**WHAT YOU ARE ASKED TO DO**:
Repeat the listing exactly. The images do not belong in the copy.

- Opening Delimiter -

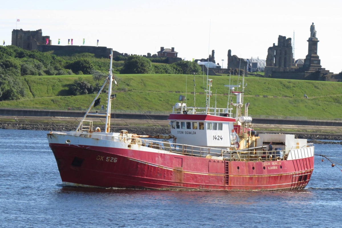 Icelandic fishing vessel STEINE SIGVALDA inwards past Tynemouth headland towing country mate TJALDANES - GK525.
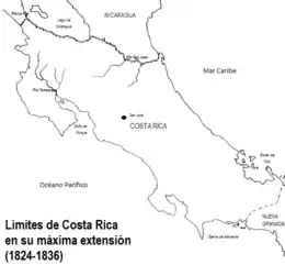 En 1573, con la desaparición de Garabito, el gobernador Alonso Anguciana de Gamboa consolidó la colonización del territorio, y se formaron asentamientos en las ciudades de Cartago y Espíritu Santo (actual Esparza), principalmente campesinos labradores.[75] La Gobernación de Costa Rica se extendió desde el río Tempisque y la margen derecha del río San Juan de Nicaragua, al oeste y norte, hasta la isla del Escudo de Veragua en Bocas del Toro y el río Chiriquí en el sureste. El dominio efectivo español sobre el territorio fue más pequeño: el Valle Central, la región del Pacífico seco, el Valle del río Reventazón hasta el Caribe central y parte del Pacífico sur. La capital provincial se ubicó en Cartago.[76] Talamanca, algunas secciones del Pacífico sur y las llanuras del norte (actual San Carlos) funcionaron como refugio para los indígenas, por su difícil acceso o falta de interés de las autoridades en controlarlas. Nicoya se constituyó en una Alcaldía Mayor con fuertes lazos con la Provincia de Nicaragua en parte cimentadas por el comercio ganadero. Entre 1570 y 1581 surgieron varias villas que se fundaron primeramente como pueblos de indios, a cargo de un corregidor y bajo el adoctrinamiento religioso de frailes franciscanos.[77]
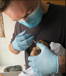 Thom Luloff is the Academic Quality Assurance Lead for Fleming College and a Professor in the School of Environmental and Natural Resource Sciences. He is also the Senior Wildlife Biologist with Kawartha Wildlife Centre, pictured here testing the equilibrium of leg strength of a Great Horned Owl and medicating a Cooper’s Hawk after head trauma following a window collision.
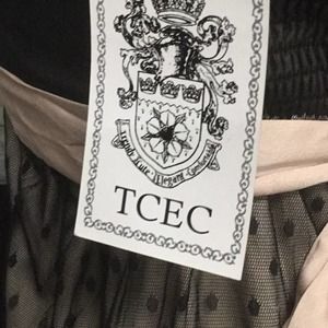 TCEC Black strapless top. Ties in the back Rubber strip on top to keep front from falling.
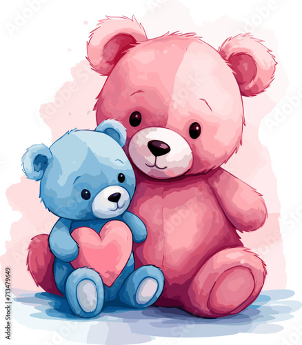Watercolor illustration of a blue bear with a red heart for a Valentine's day card

- Closing Delimiter -

**RESULT OF THE TASK**:
 Icelandic fishing vessel STEINE SIGVALDA inwards past Tynemouth headland towing country mate TJALDANES - GK525.
 En 1573, con la desaparición de Garabito, el gobernador Alonso Anguciana de Gamboa consolidó la colonización del territorio, y se formaron asentamientos en las ciudades de Cartago y Espíritu Santo (actual Esparza), principalmente campesinos labradores.[75] La Gobernación de Costa Rica se extendió desde el río Tempisque y la margen derecha del río San Juan de Nicaragua, al oeste y norte, hasta la isla del Escudo de Veragua en Bocas del Toro y el río Chiriquí en el sureste. El dominio efectivo español sobre el territorio fue más pequeño: el Valle Central, la región del Pacífico seco, el Valle del río Reventazón hasta el Caribe central y parte del Pacífico sur. La capital provincial se ubicó en Cartago.[76] Talamanca, algunas secciones del Pacífico sur y las llanuras del norte (actual San Carlos) funcionaron como refugio para los indígenas, por su difícil acceso o falta de interés de las autoridades en controlarlas. Nicoya se constituyó en una Alcaldía Mayor con fuertes lazos con la Provincia de Nicaragua en parte cimentadas por el comercio ganadero. Entre 1570 y 1581 surgieron varias villas que se fundaron primeramente como pueblos de indios, a cargo de un corregidor y bajo el adoctrinamiento religioso de frailes franciscanos.[77]
 Thom Luloff is the Academic Quality Assurance Lead for Fleming College and a Professor in the School of Environmental and Natural Resource Sciences. He is also the Senior Wildlife Biologist with Kawartha Wildlife Centre, pictured here testing the equilibrium of leg strength of a Great Horned Owl and medicating a Cooper’s Hawk after head trauma following a window collision.
 TCEC Black strapless top. Ties in the back Rubber strip on top to keep front from falling.
Watercolor illustration of a blue bear with a red heart for a Valentine's day card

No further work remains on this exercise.